Do you smile when you see a motorcycle with a dog on board, obviously enjoying itself being out in the wind?
However, in 2011 Australian Road Rule 297-3 was introduced to ban animals riding on the fuel tank. It was quickly amended to banning an animal being between the rider and the handlebars because some machines have fuel tanks on the back.
I’ve met a few riders with motorcycle dog as riding companions. There’s John Skinner and his little black dog, Scrambles, who have ridden right across the continent, Anny Seaton on her 1986 Kawasaki Z1300 with her dog Mandy sitting alongside her in the sidecar and, of course, there is the most famous – Tex and Bundy.
Terry “Tex” O’Grady and his cattle dog, Bundy, have helped raise $4 million for various charities through their own charity work or leading various charity rides.
“We also do therapy work for hospitals, palliative care, kids, old people’s homes etc,” says Tex.
“Plus people see you in traffic and they take photos and smile, so we’ve possibly stopped a lot of road rage and saved lives that way.”
Tex and Bundy are the only rider and dog in Australis that are exempt from the rules in all states except South Australia and the Northern Territory, thanks to Ministerial Declarations because of the charity work they do. Tex says he is working on those other states and expects to get exemptions soon.
Tex says Bundy has travelled more than 740,000km over the past eight years, but he started riding with a dog on his bike in 2000.
“I was managing a thousand-acre property and I had a BMW R 1100 GS at the time,” he says. “My dog, Cash, wanted to go everywhere with me, so I put him in goggles and a jacket. People saw Cash and started asking me to lead rides and do charity events.”
In 2005, Cash was tragically killed crossing the road when he was hit by a car. Cash was inducted into the Australian Motorcycling Hall of Fame posthumously in 2006.

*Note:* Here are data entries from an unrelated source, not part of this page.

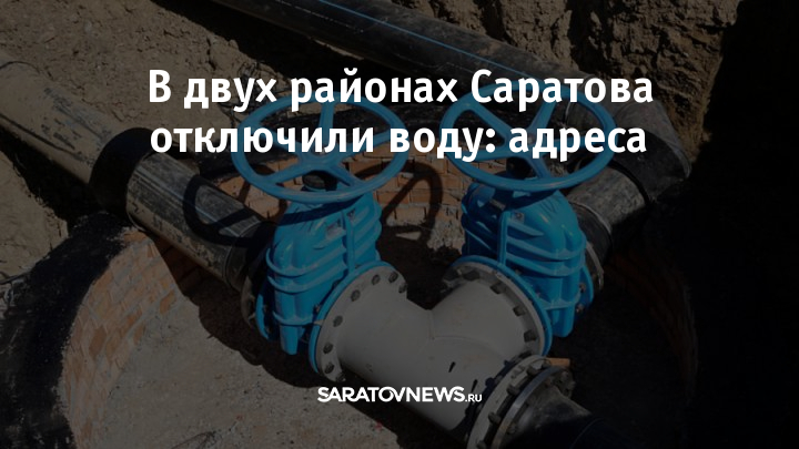 Сегодня, 26 сентября, в двух районах Саратова проходит отключение воды. Так, идет ремонт на водопроводе на пересечении ул. Чернышевского и Соборной. В связи с работами ограничено холодное водоснабжение жителям ул. Соборная (от Мичурина до Чернышевского и от Челюскинцев до Соборной площади), Мичурина (от Радищева до Б.Взвоза), Радищева (от Советской до Мичурина).
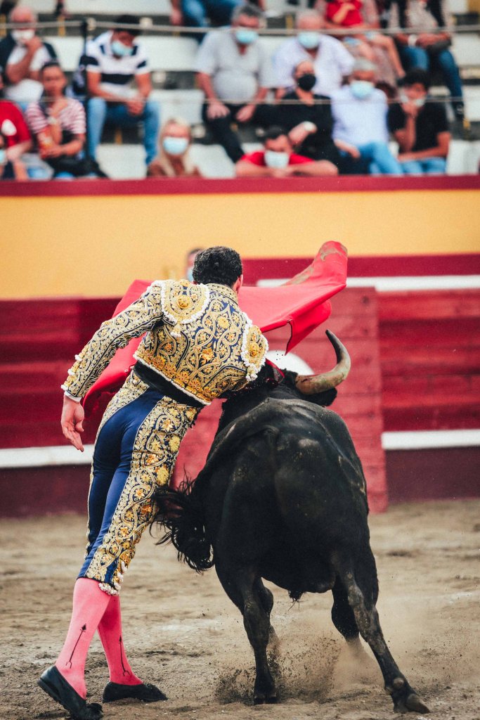 También David de Miranda se encontró con el mejor toro de su lote en segundo lugar, en este caso un ejemplar de José Albino Fernandes, de encaste Domecq y procedencia Falé Filipe, que tuvo virtudes como la fijeza y la humillación a ras de arena. El diestro onubense desplegó una faena basada en la mano derecha, aunque también probó el pitón izquierdo, aprovechando la gran nobleza del animal y logrando los mejores momentos con un toreo de cercanías muy templado y relajado, aunque a costa de tres volteretas sin mayores consecuencias.
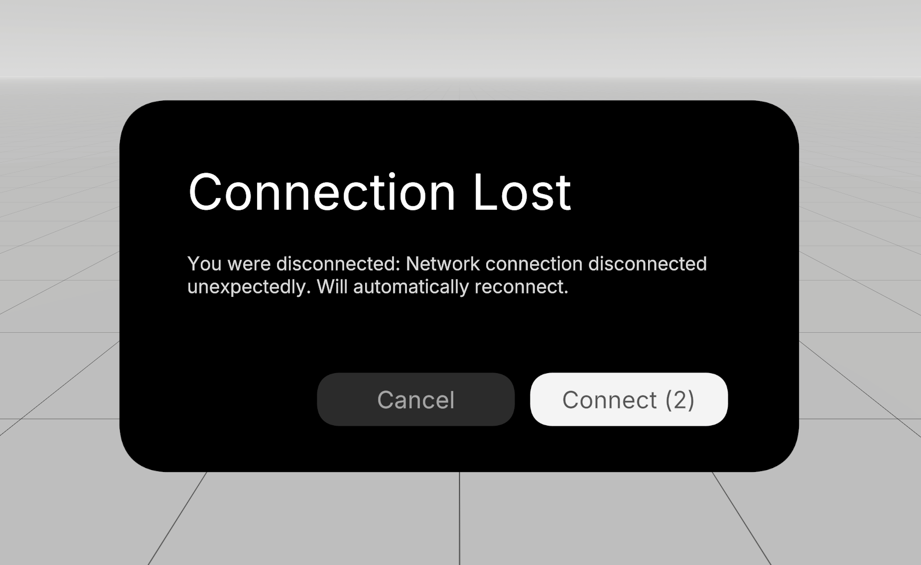 Most developers will want to display a dialog to users allowing them to cancel the reconnect or to reconnect instantly without waiting for the delay. Normcore includes a Reconnect UI prefab that integrates the AutoReconnect API as a UPM Sample.

Tex says he looked at about 250 cattle dogs over five months as a replacement and wanted to take them all home, but he couldn’t find a dog with a suitable size and temperament.

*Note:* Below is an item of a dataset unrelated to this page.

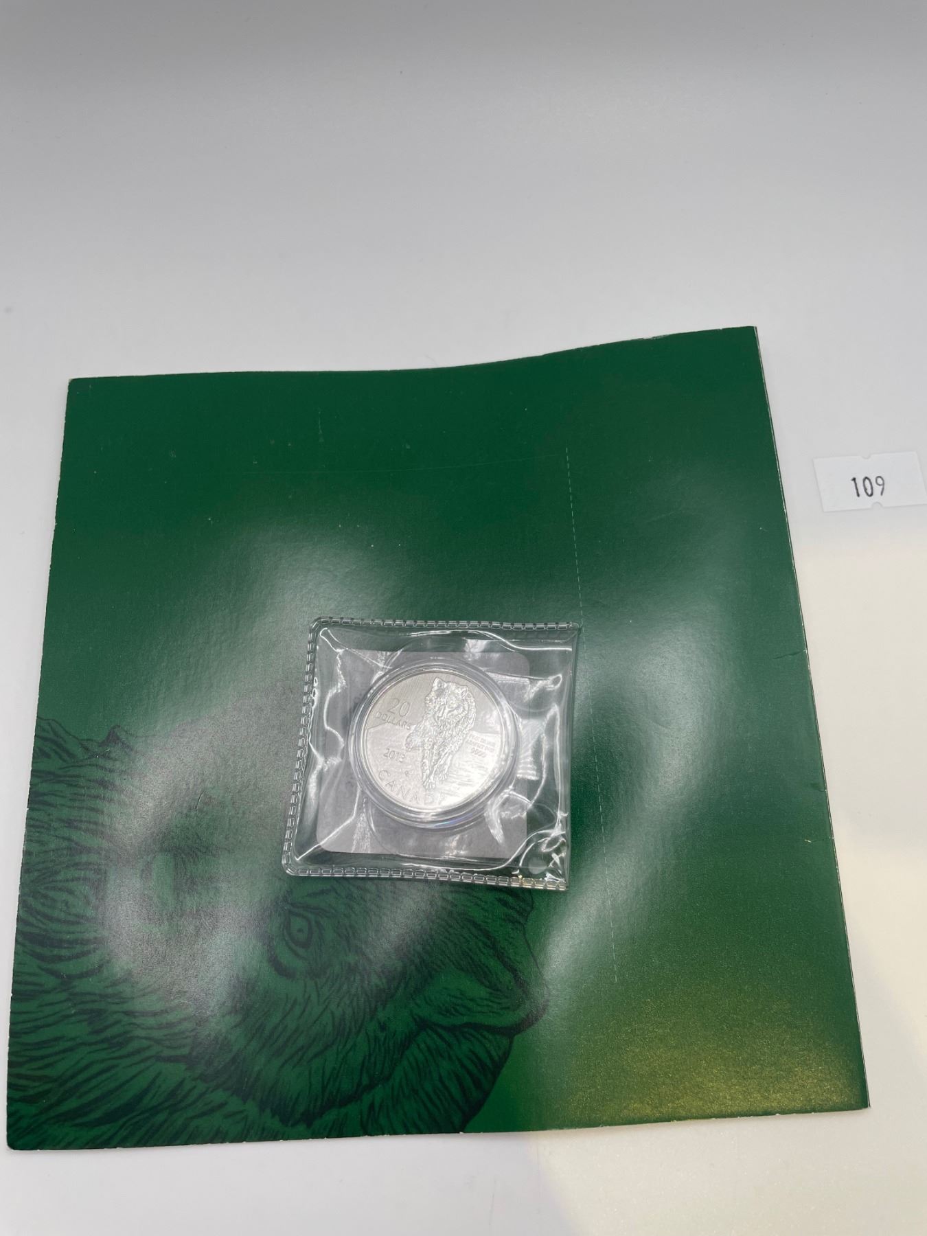 This fine silver coin is certified to be 99.99% pure silver with a diameter of 27 millimetres and a metal weight of 7.96 grams. The reverse image by Canadian artist Glen Loates depicts in dimensional relief a wolf that seems to lope toward the viewer. The large canine's riveting eyes focus daringly on the viewer, its forepaws bent back to meet its hind feet and large head lowered in the animal's characteristic running gait. The wolf's thick fur, pointed ears and short, square muzzle are engraved with stunning realism. Its dense, bushy tail swings out behind it. Its sharp claws help it gain traction on the surface upon which it manoeuvres with exceptional agility. The reverse is engraved with the word 'CANADA,' the bilingual purity standard 'FINE SILVER/ARGENT PUR 9999,' the date '2013,' and the face value of '20 DOLLARS.' The obverse features the effigy of Her Majesty Queen Elizabeth II by Susanna Blunt.

“Then a mate of mine came over and told me about this woman in Mudgee who was selling some dogs so I rang her. I didn’t think she’d like the idea of me taking the dog on the bike, but she knew about Cash. We had taken her granddaughter who suffered with spina bifida on a ride and they had never forgotten about it. She gave me the pick of the litter.”
Tex said he took Bundy, the stumpy-tailed cattle dog, back to Lithgow in a gearsack in the pouring rain. When I got home I looked inside and she was sound asleep. I knew straight away that I had the right dog,” he says.

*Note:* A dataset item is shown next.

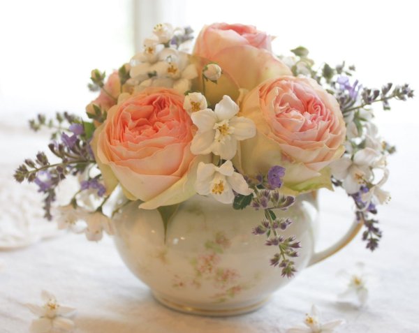 ![Нежный букет в чашке]()

“She does more kilometres than most riders. And we’ve never had an incident,” he says.
The road rules were changed after a girl was killed in a car crash when she was sitting on the driver’s lap. Tex says the laws were expanded to include animals.
“When they brought it out they should have consulted with the people who it affected – me and the Farmers Federation – but they didn’t,” he says.
Tex tells the tale of a highway patrol officer booking him on his way home from a cancer ride. “He gave us a hard time and made us stand on the side of the road in 35-degree heat until we could get a lift home for Bundy,” he says.
“So I sent out a press release and got some media coverage and eventually the Road Minister in NSW said he could work something out and that’s how I got my first exemption.”
Tex claims several RSPCA bosses ride motorcycles and don’t have a problem with animals on a bike. “But I can’t see them changing the laws,” he says.
“I think a dog is safer in front of you than behind you. If a dog is in the back what happens if you come off the dog? She goes with the bike and nine times out of 10 you are safest away from the bike in a crash. If I have Bundy in front and we crash she comes with me.”
Laws vary around the world, but dogs are allowed to ride in New Zealand where Tex and Bundy are headed soon for some charity work.